I've actively edited the command for tasks to add extra environment variables. This is a poor workaround however, as it is easy to accidentally alter the command itself.

Additional context

No response

@Nukesor
Copy link
Owner

Nukesor commented Feb 27, 2024

It's a bit of an edge-case, but I definitely see how this is a good QoL feature.

I'm thinking about the best way to do this.
My first thought would be to set the key-values directly on the commandline, especially if one wants to set multiple values at the same time (e.g. pueue edit 0 -e KEY=value -e OTHER_KEY=othervalue).
The behavior will then be a bit inconsistent, but I feel like editing environment variables in an editor will be pretty cumbersome as there're usually a lot of variables.

Maybe we should add a new subcommand for this? This would also make it quite easy to edit variables for groups or multiple commands, as i feel like those flags would be very confusing on the current edit command.

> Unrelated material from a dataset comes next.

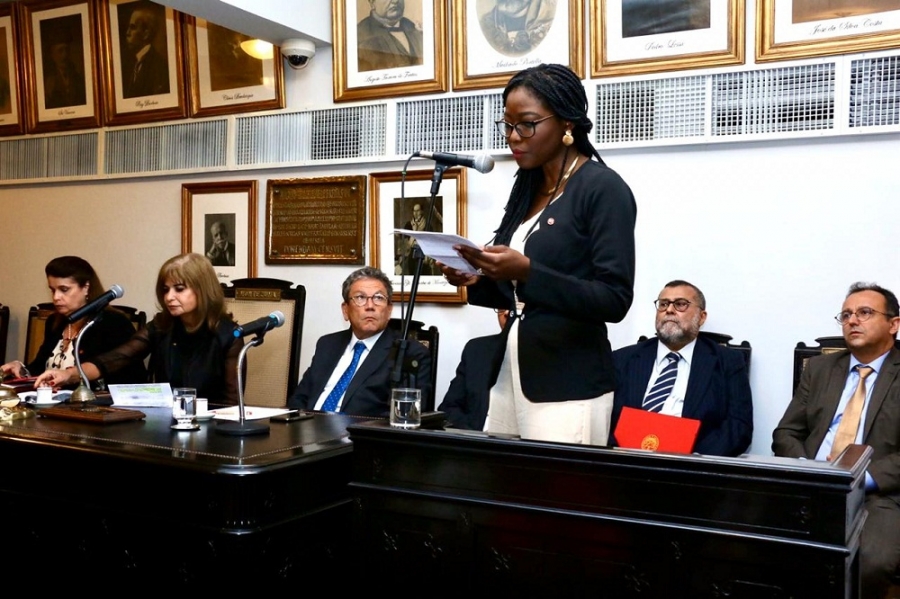 No seu pronunciamento, Janaína Muniz da Silva disse: “A chegada desta jovem baiana a esta Casa quase bicentenária é uma homenagem às milhares de mulheres negras que ajudaram a construir este País, entre elas, a Dra. Altamira Muniz, minha mãe e advogada, aqui presente”. A nova consócia falou de seu trabalho na OAB/BA e nas universidades em defesa da educação. “Ninguém pode ser privado dos seus direitos, por desconhecê-los”, afirmou a advogada, que complementou: “A educação é a única forma de aproximar o Direito daqueles que dele necessitam”. Altamira Muniz, Janaína Muniz da Silva e Angela Mendes

@Nukesor Nukesor added t: Feature A new feature that needs implementation s: Pueue-lib This issue touches the pueue-lib library s: Daemon This issue touches pueue daemon s: Client This issue touches the pueue client labels Feb 29, 2024
@mjpieters
Copy link
Contributor Author

Yes, the more I think about this, the more this sounds like a separate subcommand.

@Nukesor
Copy link
Owner

Nukesor commented Mar 10, 2024

If you like, feel free to start hacking on this :) Your contributions have always been top notch and I believe that you'll make the right design decisions ;D

@activatedgeek
Copy link

Just wanted to chime in with another use case.

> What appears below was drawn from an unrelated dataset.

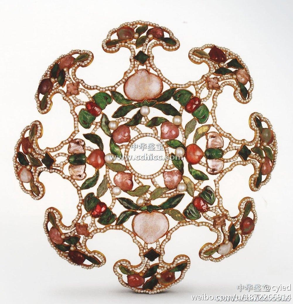 清 ,金镶珠翠帽花,径18厘。帽花圆形,内外两层纹饰,内层由翠片、碧玺组成六只蝙蝠,蝙蝠头顶嵌珍珠,两侧各有寿桃一个;外层八个如意头纹饰,内由翠片,碧玺组成花朵。内外纹饰边沿满缀米珠。桃、蝠纹寓意“福寿万年”。”(中华鉴宝网)

I currently schedule jobs on a machine with GPUs using pueue. Most times, I need multiple GPUs and set the CUDA_VISIBLE_DEVICES argument with a list of GPU IDs for a particular run. To get the queueing effect for that run jobs serially on one set of GPUs, I create a group with the default parallel 1 but manually attach the variable with a bash function,

function pugrun {
  GPUS=${GPUS:-0}

  pueue group add gpu-${GPUS}

  CUDA_VISIBLE_DEVICES=${GPUS} pueue add -g gpu-${GPUS} -- "${@}"

  unset GPUS
}

Editing/adding environment variables to groups would be a great addition! Thank you for the amazing project!

@Nukesor
Copy link
Owner

Nukesor commented Apr 4, 2024

@activatedgeek It sounds like you could make good use of the https://github.com/Nukesor/pueue/wiki/Get-started#load-balancing feature. This would allow you to do automatic balancing on your gpus for you :)

@activatedgeek
Copy link

Thank you.

My understanding was that this behavior would require me to change existing code to parse out the PUEUE_WORKER_ID and transform it to appropriate values of CUDA_VISIBLE_DEVICES (e.g. something like a round robin over the list of GPUs). To avoid going back and change internal code plumbing, it was the easiest to just modify at pueue add time.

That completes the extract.